*Dataset entries*
_ _ _ _ _

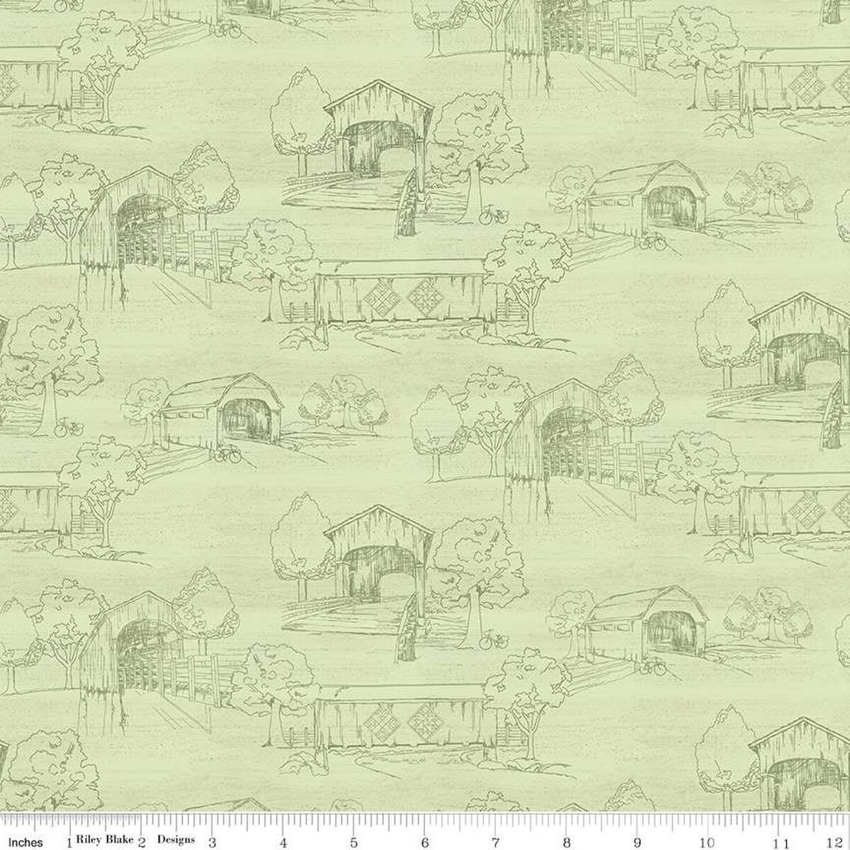 Covered Bridges in Spring by Tara Reed for Riley Blake Designs is great for quilting, apparel and home decor. This print features tone-on-tone covered bridge scenery.
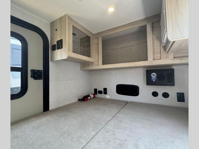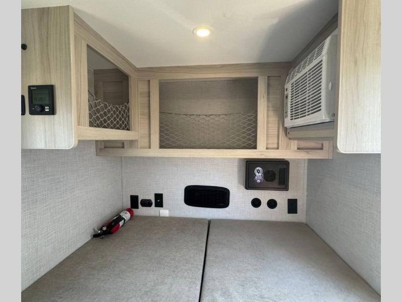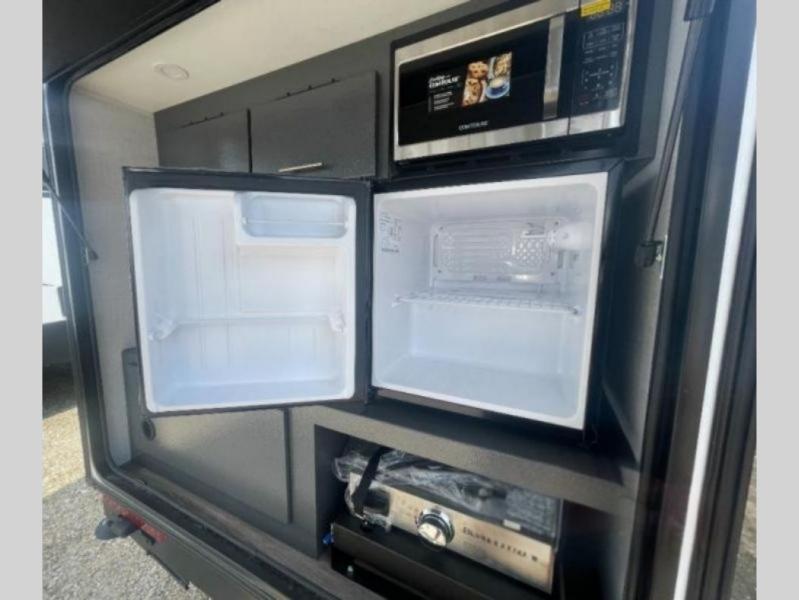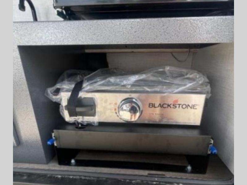 Hitch up and hit the road quick and easy with just about any tow vehicle. This lightweight model is perfect for two with comfy mattresses for sleeping, and plenty of storage. The outside shower allows you to rinse off any evidence of your daily adventure before going to sleep, and the sliding griddle and sink makes it easy to create some hearty camp meals so you can do it all over again the next day! You will appreciate the 14,300 BTU Truma Combi heater and water heater plus 13,500 BTU A/C unit to keep you comfortable even on the hottest summer days.
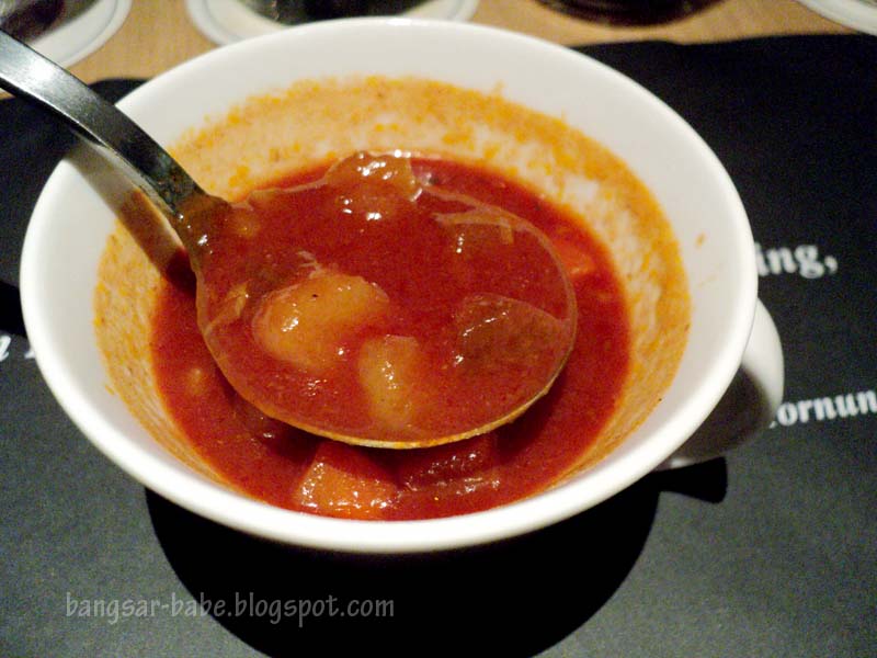 Dinner started with their complimentary chef’s soup. This tasted like a cross my favourite soups; tomato and minestrone. Chunky, tangy and redolent with herbs, I enjoyed this.
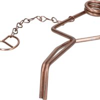 Koperen draadklem voor het vangen van woel- en veldmuizen. Zeer eenvoudig in gebruik. De klemring zit vast aan een ketting en kan zo niet zoekraken in de grond.
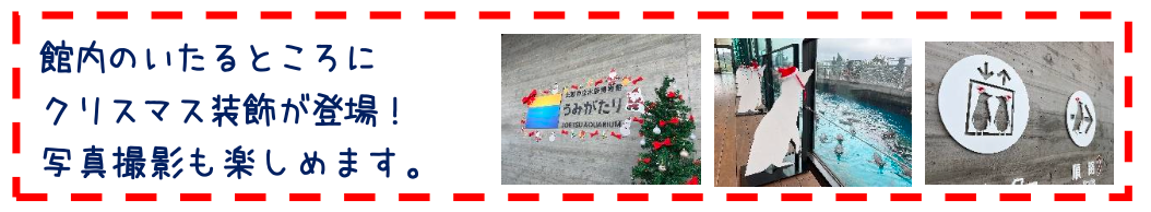 上越市立水族博物館『うみがたり』では、2025年12月1日(月)から12月25日(木)の間、「うみがたりのクリスマス2025」を開催します。館内には、クリスマスツリーやサンタ帽が至る所に装飾されクリスマス一色に彩られます。
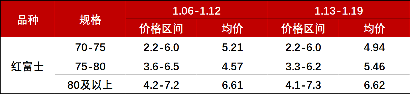 根据指数监测,截至1月20日,70-75规格富士苹果均价报4.94元/斤,环比下跌0.27元/斤,跌幅5.15%;75-80规格富士苹果均价报5.46元/斤,环比上涨0.89元/斤,涨幅19.49%;80及以上规格富士苹果均价报6.62元/斤,环比上涨0.01元/斤,涨幅0.05%。此外,少数企业75-80规格精品果销售价格高达6.50元/斤,80及以上规格精品果销售价格更是可达8.50元/斤。
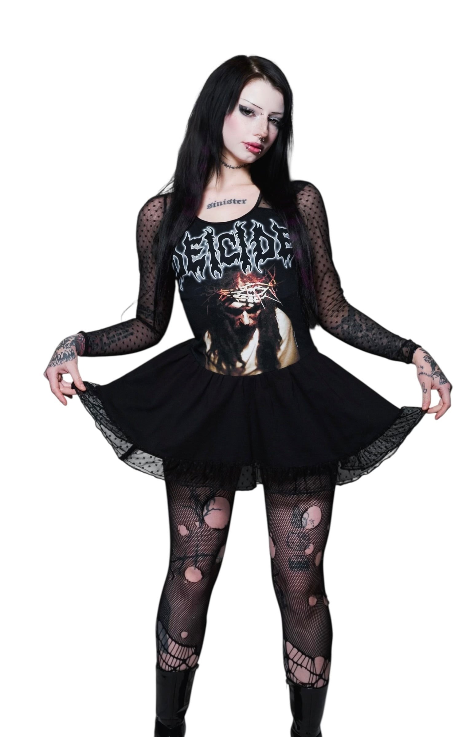 Deicide Ballerina Dress! Altered from a large licensed men's tee. Professionally sewn with the most divine details! Sizes // Measurements: XS: bust 30 - waist 24 - hips 34 Small: bust 34 -...
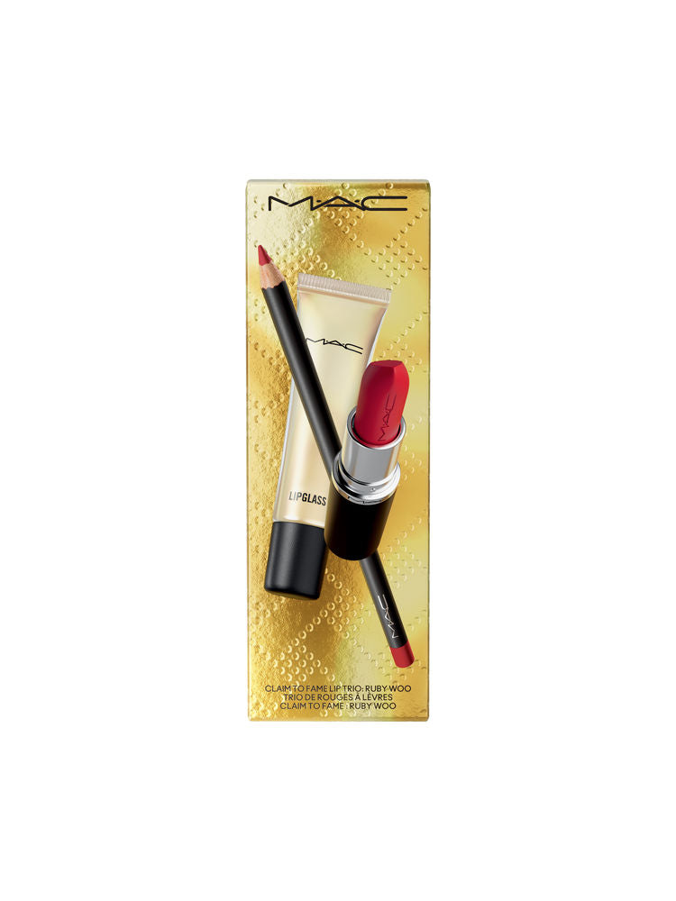 Own the classic red with the M.A.C Ruby Woo Lip Trio. Featuring a lipstick, lipglass, and lip pencil in the iconic cool-toned red, this coordinated set delivers bold color, shine, and definition for any occasion.
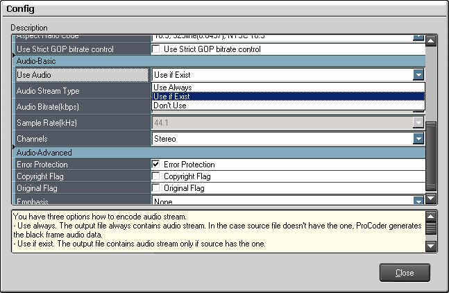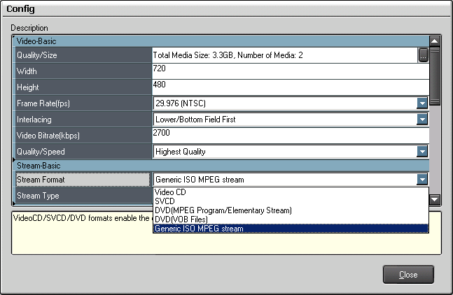 Step 3(a/b/c/d/e) - In the "Job Summary" you can see the predefined "Output Format" that was selected by ProCoder, if you want to make changes, click on "Advanced Output Settings" to set up your "Output Format" type. In the "Config" menu (a), first select the "Stream Format"

_ _ _ _ _

*Your instructions*
Write out, word for word, the lines from the first line of the entries through the one containing "Hitch up and", both included. Leave out the pictures.

*Task output*
 Covered Bridges in Spring by Tara Reed for Riley Blake Designs is great for quilting, apparel and home decor. This print features tone-on-tone covered bridge scenery.
 Hitch up and hit the road quick and easy with just about any tow vehicle. This lightweight model is perfect for two with comfy mattresses for sleeping, and plenty of storage. The outside shower allows you to rinse off any evidence of your daily adventure before going to sleep, and the sliding griddle and sink makes it easy to create some hearty camp meals so you can do it all over again the next day! You will appreciate the 14,300 BTU Truma Combi heater and water heater plus 13,500 BTU A/C unit to keep you comfortable even on the hottest summer days.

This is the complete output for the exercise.